NO dosed on a CuPc monolayer deposited on Au(111) and HOPG is observed by scanning tunneling microscopy. After dosing NO with a supersonic molecular beam source onto CuPc/Au(111), about 7% of CuPc molecules form chemisorbates with NO. Conversely, after dosing onto CuPc/HOPG, only about 0.1% CuPc molecules form chemisorbates with NO, even though the reaction sites appear nearly identical. DFT calculations were employed to elucidate the mechanism which causes the >10× difference in saturation coverage between NO/CuPc/Au(111) and NO/CuPc/HOPG. DFT calculations show NO chemisorption with CuPc/Au(111) induces only negligible perturbation in the density of states (DOS) in Au(111) due to large density of states on Au.
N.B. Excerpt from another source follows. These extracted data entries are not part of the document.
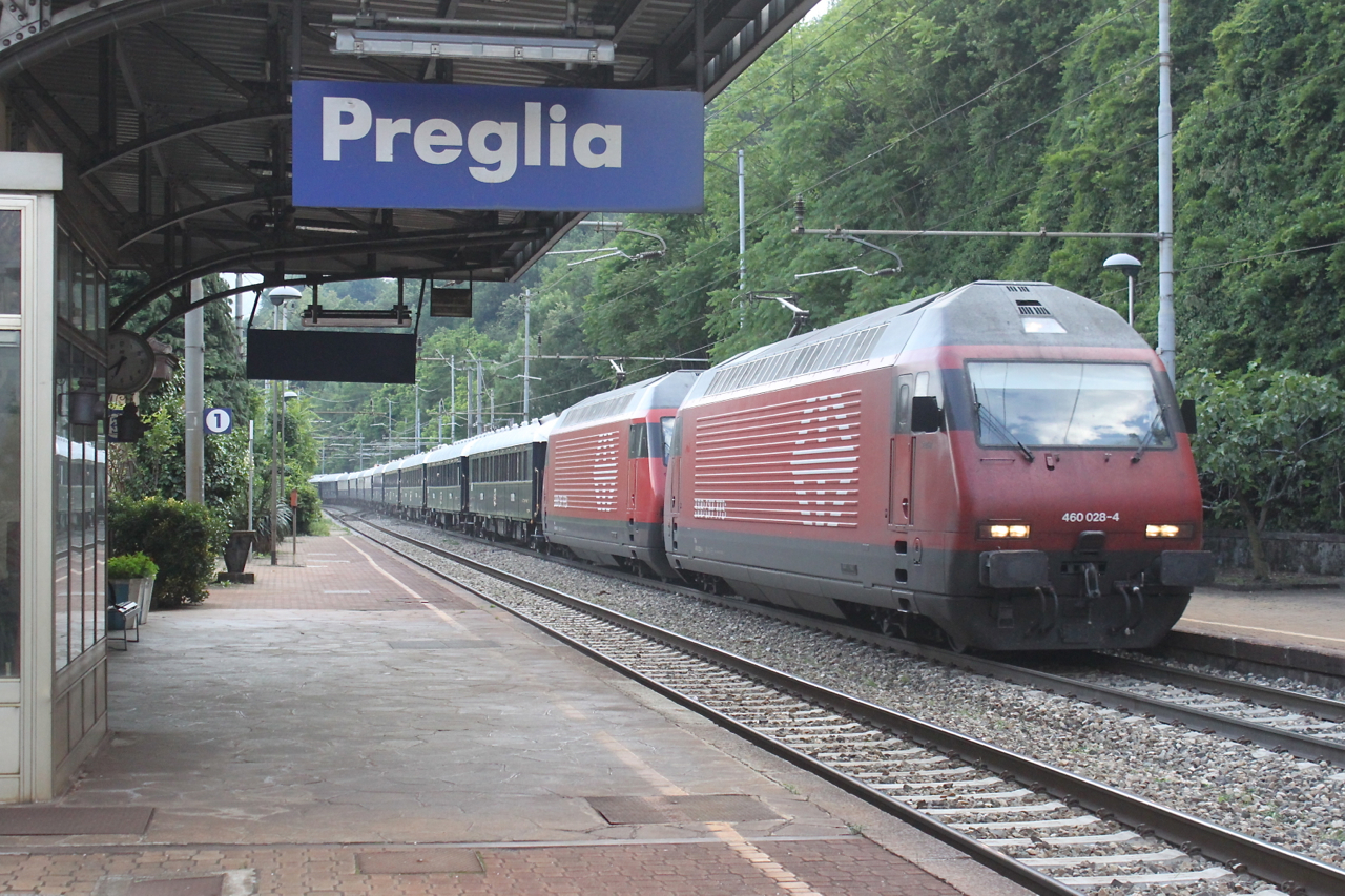 SBB CFF FFS Re 460 028-4 ahead of Venice-Simplon-Orient-Express at Preglia.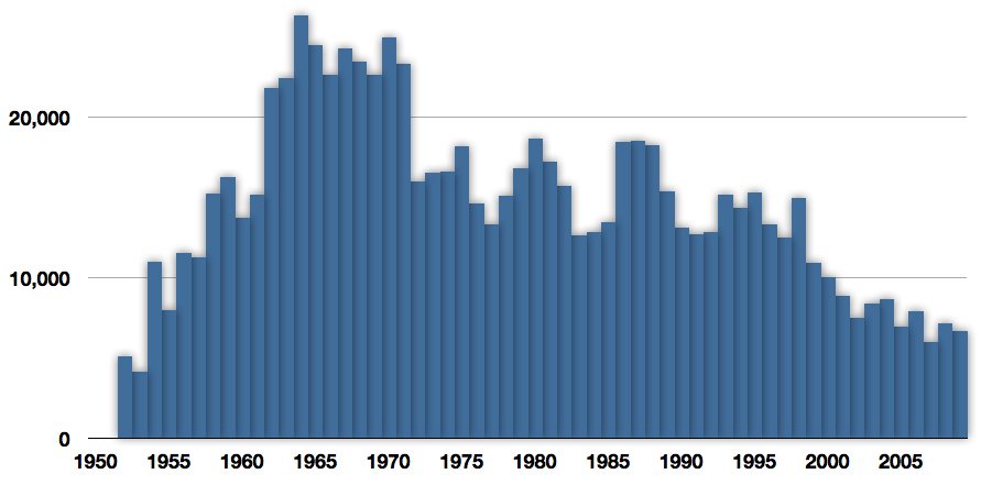 Fisheries recorded capture of striped marlin (Tetrapturus audax) from 1952 to 2009. Data source FAO fisheries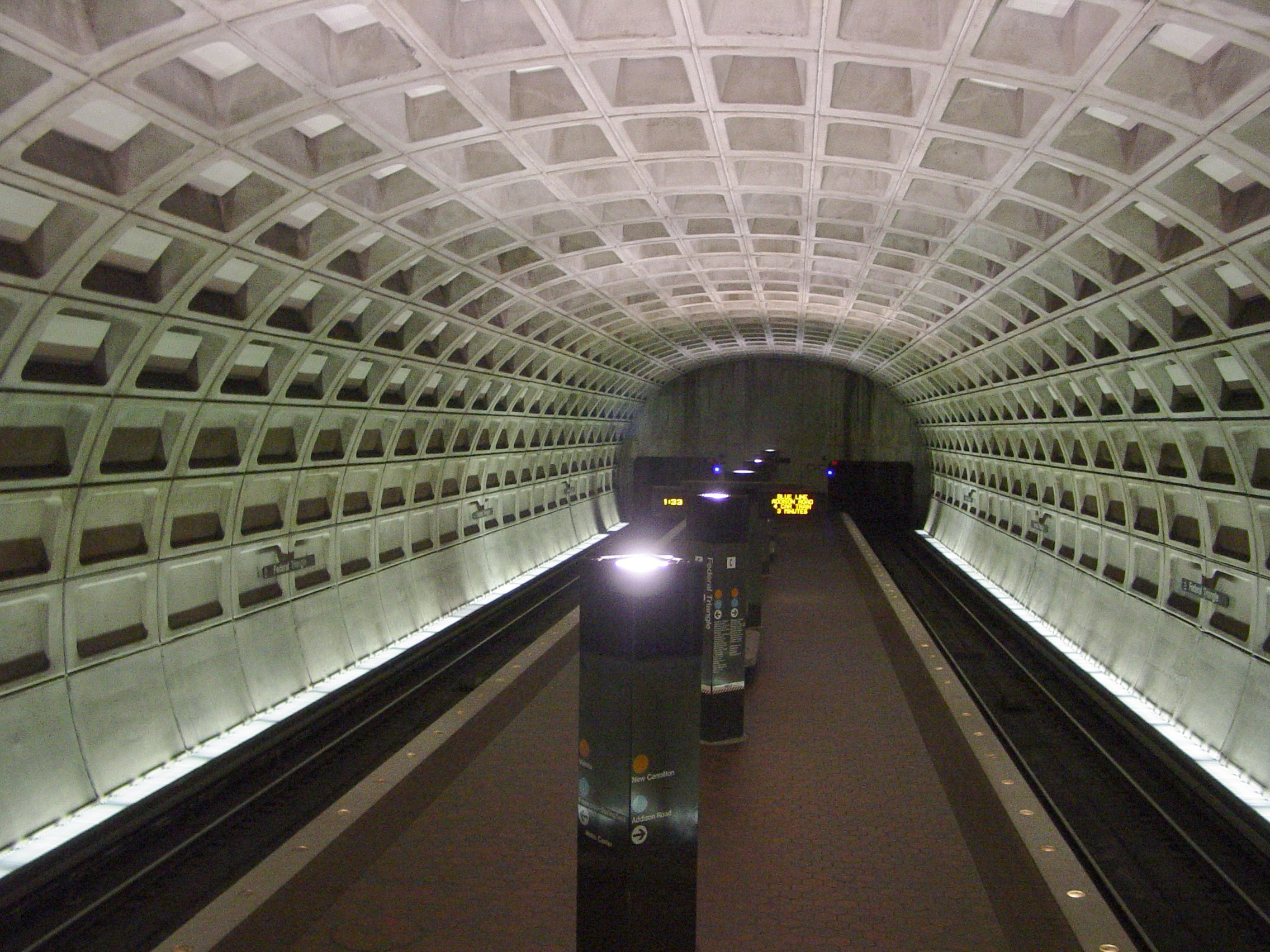 Federal Triangle Station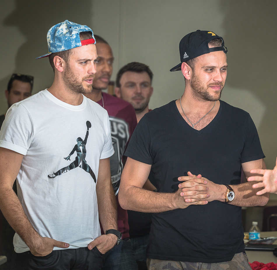 Lukasz Tracz speaking with his team during the commercial shoot for Life In Color's Unleash Tour at a local school in Miami, FL.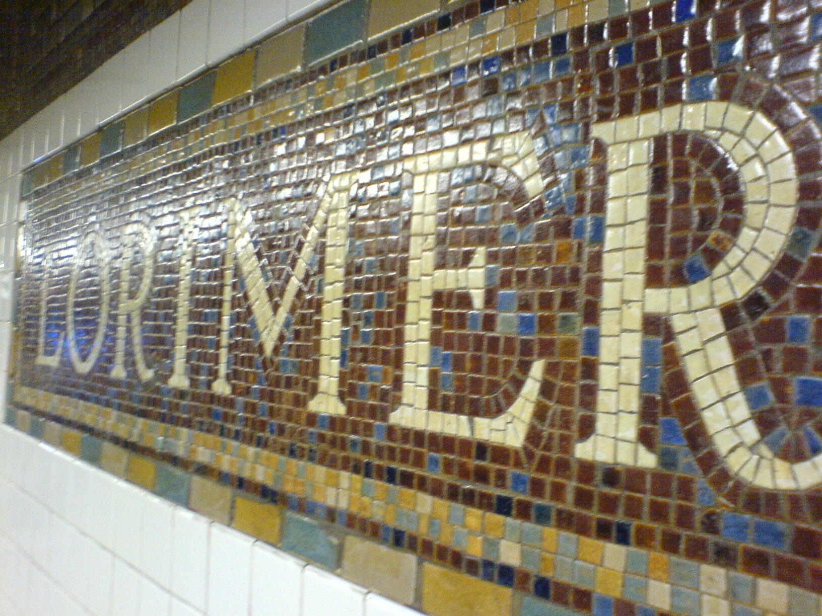 Wall mosaics at Lorimer Street station on the BMT Canarsie Line of the New York City Subway.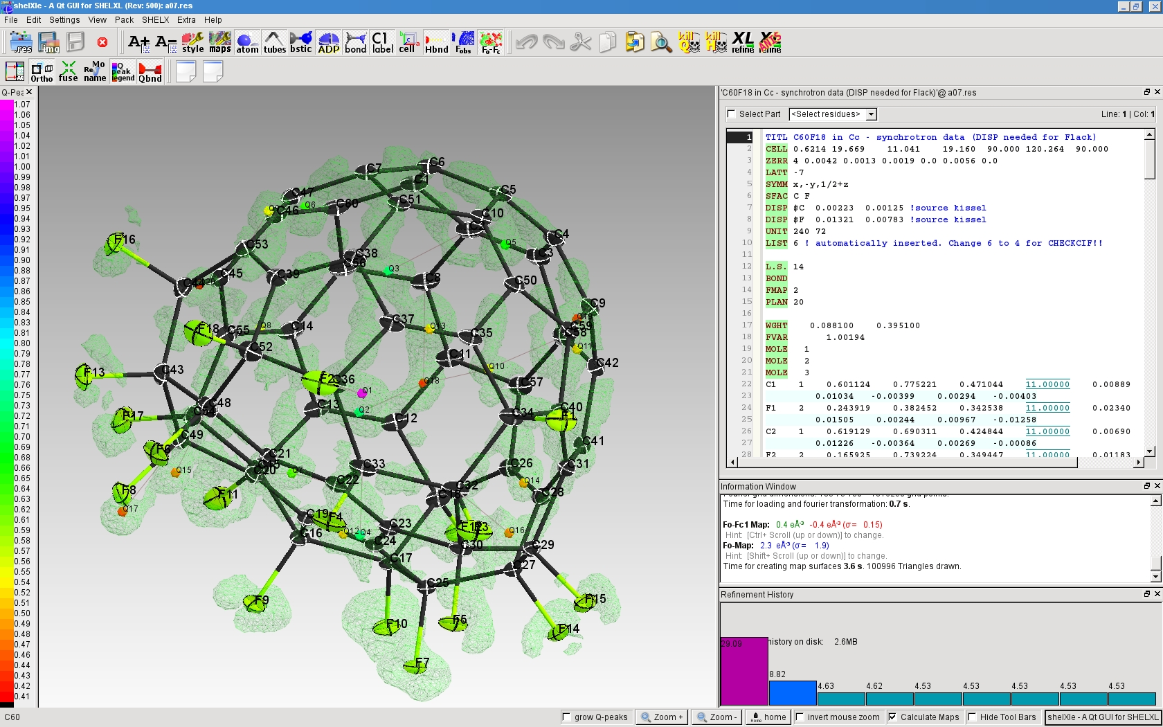 Screenshot of the GUI of ShelXle showing a structure of C60F18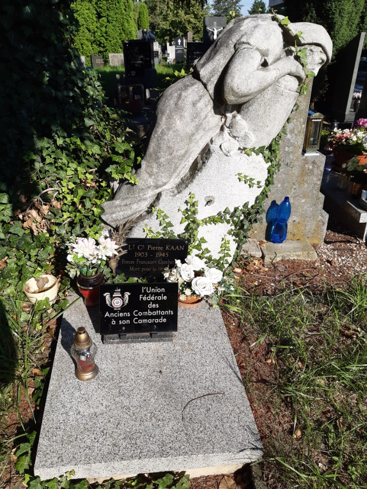 Tomb of Mr. Pierre Kaan in Cemetery of St. Otýlie, České Budějovice, Czech Republic - GPS coordinates (48 ° 59'57.1 "N 14 ° 29'01.1" E 48.999202, 14.483647)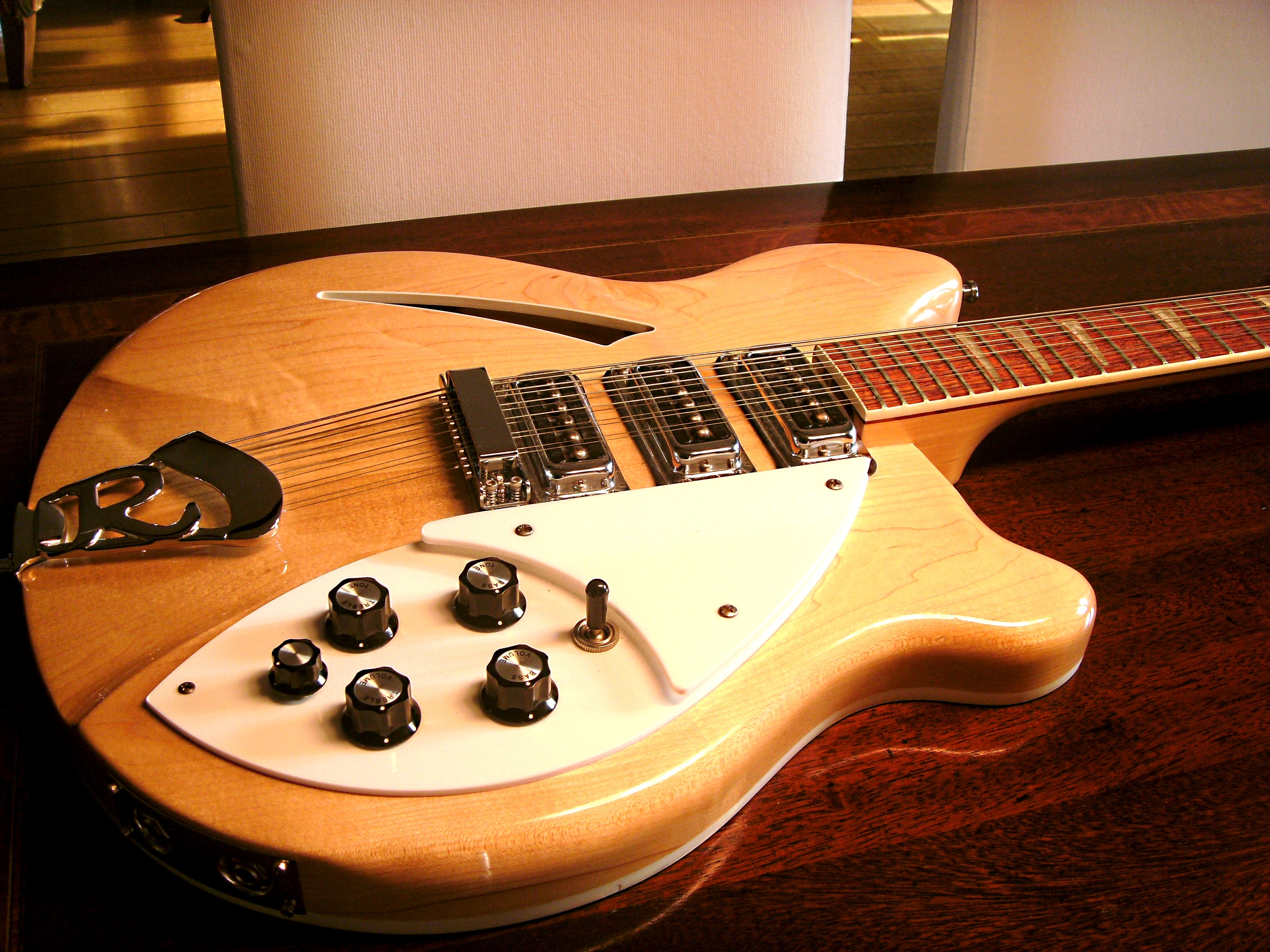 The body of a 1999 Rickenbacker 370/12 Mapleglo, with the distinctive R-tailpiece, 5-knob control and bubinga fretboard

Conversely, for NO/CuPc/HOPG, there is a large decrease of DOS in graphene around 1 eV due to NO chemisorption on CuPc/graphene consistent with negative charge transfer from graphene to NO. This DOS perturbation of graphene results in decreased binding energy of NO chemisorption in secondary NO sites, consistent with low saturation coverage. The results suggest that although the saturation coverage of NO chemisorbates is low on CuPc/graphene, the DOS of graphene can be altered by low coverages of adsorbates even onto weakly interacting molecules which chemically functionalize the graphene surface.